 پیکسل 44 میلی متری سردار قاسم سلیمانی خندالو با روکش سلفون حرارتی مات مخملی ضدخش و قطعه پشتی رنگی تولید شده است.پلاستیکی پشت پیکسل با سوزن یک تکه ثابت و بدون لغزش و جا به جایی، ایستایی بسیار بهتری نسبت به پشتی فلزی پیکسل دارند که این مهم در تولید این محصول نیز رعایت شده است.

:::

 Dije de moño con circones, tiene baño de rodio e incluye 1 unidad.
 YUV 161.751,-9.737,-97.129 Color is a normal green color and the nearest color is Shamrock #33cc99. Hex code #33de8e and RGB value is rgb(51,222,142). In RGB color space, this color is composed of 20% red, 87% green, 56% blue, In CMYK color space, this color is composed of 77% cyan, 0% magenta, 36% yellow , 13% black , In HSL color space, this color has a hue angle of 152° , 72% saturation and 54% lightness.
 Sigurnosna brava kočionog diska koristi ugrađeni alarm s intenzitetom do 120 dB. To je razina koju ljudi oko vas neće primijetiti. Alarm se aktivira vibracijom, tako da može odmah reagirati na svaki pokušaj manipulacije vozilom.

:::

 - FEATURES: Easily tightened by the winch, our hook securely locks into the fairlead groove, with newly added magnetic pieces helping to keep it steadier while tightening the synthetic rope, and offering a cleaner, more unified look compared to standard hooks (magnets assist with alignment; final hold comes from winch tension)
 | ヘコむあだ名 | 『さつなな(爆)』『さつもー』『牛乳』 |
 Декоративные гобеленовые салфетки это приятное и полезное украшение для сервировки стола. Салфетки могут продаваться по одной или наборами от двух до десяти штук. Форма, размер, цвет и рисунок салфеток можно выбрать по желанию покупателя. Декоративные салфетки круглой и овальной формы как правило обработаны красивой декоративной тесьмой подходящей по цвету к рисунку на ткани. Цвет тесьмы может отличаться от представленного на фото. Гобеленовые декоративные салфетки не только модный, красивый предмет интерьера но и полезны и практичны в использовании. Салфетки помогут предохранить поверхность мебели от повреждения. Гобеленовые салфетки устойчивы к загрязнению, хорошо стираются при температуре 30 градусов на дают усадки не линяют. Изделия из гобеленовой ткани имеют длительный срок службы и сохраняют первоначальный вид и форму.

:::

-- What the task requires --
Return exactly, and only, the lines above starting at the line that contains "YUV 161.751,-9.737,-97.129 Color" and ending at the line that contains "Sigurnosna brava kočionog".

-- Solution for this problem --
 YUV 161.751,-9.737,-97.129 Color is a normal green color and the nearest color is Shamrock #33cc99. Hex code #33de8e and RGB value is rgb(51,222,142). In RGB color space, this color is composed of 20% red, 87% green, 56% blue, In CMYK color space, this color is composed of 77% cyan, 0% magenta, 36% yellow , 13% black , In HSL color space, this color has a hue angle of 152° , 72% saturation and 54% lightness.
 Sigurnosna brava kočionog diska koristi ugrađeni alarm s intenzitetom do 120 dB. To je razina koju ljudi oko vas neće primijetiti. Alarm se aktivira vibracijom, tako da može odmah reagirati na svaki pokušaj manipulacije vozilom.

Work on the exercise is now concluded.